There’s no one “right” way. You need to make it clear to them that you’re not about to drop out of school and enter a monastery tomorrow but are instead just in the early stages of your discernment. You’re parents will obviously want what’s best for you and that includes not seeing you get hurt. So it’s understandable if they might be a little be concerned - especially if they think that you’re making a hasty decision. Again, make it clear that you’re not about to make any major, life-changing decisions any time soon!

-And finally, is it hard to get accepted into an order?

I’m never quite sure what to say when people ask me this question about the seminary. On the one hand, I don’t want to deter people, but on the other I don’t want to make it sound like there’s an open door policy. I guess what I can say is this, entering a seminary or religious order is a major decision and the application process reflects this. The order / diocese’s concern will be to make sure that you’ve though the decision very carefully and that you’re ready to make this decision.

-Can I join right out of high school?
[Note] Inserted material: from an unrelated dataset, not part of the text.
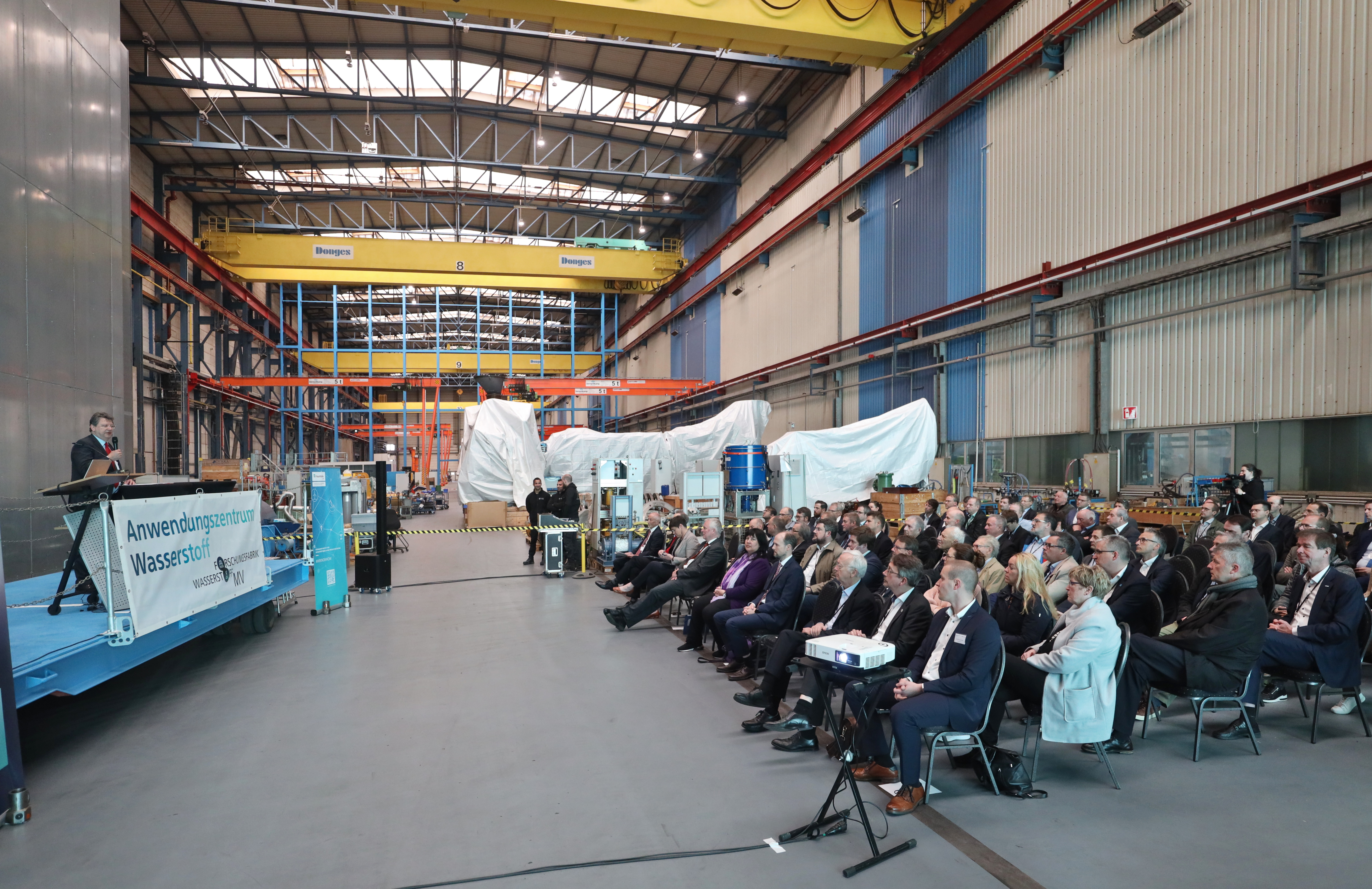 Wie können klimaschädliche Emissionen im Schiffsverkehr reduziert und Schiffe als Transportmittel noch nachhaltiger gemacht werden? Dieser Frage wollen die Forschenden des Anwendungszentrums Wasserstoff nachgehen. Mit einer feierlichen Eröffnung wurde das Anwendungszentrum Wasserstoff heute offiziell eingeweiht. Wirtschaftsminister Meyer überreichte bei dieser Gelegenheit einen Förderbescheid in Höhe von 9,9 Mio. Euro. Diese sollen dem Ausbau der Forschungsinfrastruktur des Anwendungszentrums dienen.

That’s definitely the rout I would like to take.

As somebody else says, that’s up to the order. Personally, I would discourage someone from joining and order or seminary straight from school. I know others would disagree with me on that and I respect their views. That said, I strongly believe that there’s an enormous amount of benefit which can be gained from giving yourself some breathing space and time for life experience after finishing school.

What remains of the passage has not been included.